Yellowstone & Grand Teton National Parks, Wyoming, USA
Overview
Yellowstone National Park is the world's first national park — established by President Ulysses S. Grant on March 1, 1872 — and the world's largest active volcanic system, sitting atop a supervolcano caldera that last erupted approximately 640,000 years ago. The park spans 2.2 million acres across Wyoming, Montana, and Idaho, and contains half of all the world's hydrothermal features: more than 10,000 geothermal features including geysers, hot springs, mudpots, and fumaroles concentrated in a park roughly the size of Connecticut and Rhode Island combined.

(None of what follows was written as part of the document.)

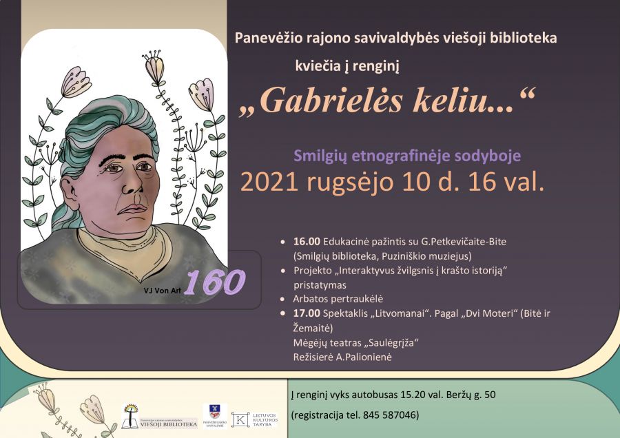 2021-aisias metais minime kraštietės, žymios asmenybės G. Petkevičaitės-Bitės 160-ąsias gimimo metines. Šią sukaktį kviečiame paminėti jos gimtajame Smilgių krašte: renginys „Gabrielės keliu…” vyks rugsėjo 10 d. Smilgių etnografinėje sodyboje.

Yellowstone received 4,762,988 recreation visits in 2025 — ranking it third among all US national parks behind Great Smoky Mountains (11.5 million) and Zion (4.98 million). Visitors spent a total of 86,891,452 hours in the park and made 1,238,983 overnight stays despite a 43-day partial government shutdown — Yellowstone's longest ever. May 2025 was the busiest May on record. The park's wildlife — approximately 5,000 bison (the largest wild bison herd in the US), 700 grizzly bears, 100 gray wolves in multiple packs, 30,000 elk, and hundreds of other species — makes it the finest wildlife watching destination in the continental United States.

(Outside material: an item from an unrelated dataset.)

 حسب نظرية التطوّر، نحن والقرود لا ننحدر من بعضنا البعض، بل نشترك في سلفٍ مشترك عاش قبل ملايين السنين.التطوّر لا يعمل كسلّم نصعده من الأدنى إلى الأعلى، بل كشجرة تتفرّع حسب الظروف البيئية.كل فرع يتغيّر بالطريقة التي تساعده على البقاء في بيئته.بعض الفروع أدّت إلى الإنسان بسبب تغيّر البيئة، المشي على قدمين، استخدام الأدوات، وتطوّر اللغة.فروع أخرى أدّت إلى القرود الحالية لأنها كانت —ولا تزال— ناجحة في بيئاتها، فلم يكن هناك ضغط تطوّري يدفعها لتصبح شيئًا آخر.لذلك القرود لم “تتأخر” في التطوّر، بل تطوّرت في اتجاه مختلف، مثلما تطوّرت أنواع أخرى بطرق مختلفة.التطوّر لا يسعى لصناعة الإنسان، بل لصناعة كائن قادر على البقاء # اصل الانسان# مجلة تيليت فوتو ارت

Grand Teton National Park immediately south of Yellowstone adds a dramatic mountain landscape — the Teton Range rising 7,000 feet directly from the valley floor of Jackson Hole with no foothills, the most vertically dramatic mountain front in the American West. The two parks together with the National Elk Refuge and surrounding wilderness areas constitute the Greater Yellowstone Ecosystem — the largest intact temperate ecosystem in the world. Combined, they represent the quintessential American national park experience. Start planning at palapavibez.com.
Fast Facts
Yellowstone has a high-altitude continental climate — the park sits at 7,000 to 11,000 feet elevation, and weather can change dramatically at any time of year. Summer (June through August) is peak season — warm days (18 to 27 degrees Celsius), full access to all roads and facilities, maximum wildlife visibility, but also maximum crowds and highest accommodation prices. The geysers and thermal features operate year-round regardless of temperature, making Yellowstone genuinely spectacular in any season.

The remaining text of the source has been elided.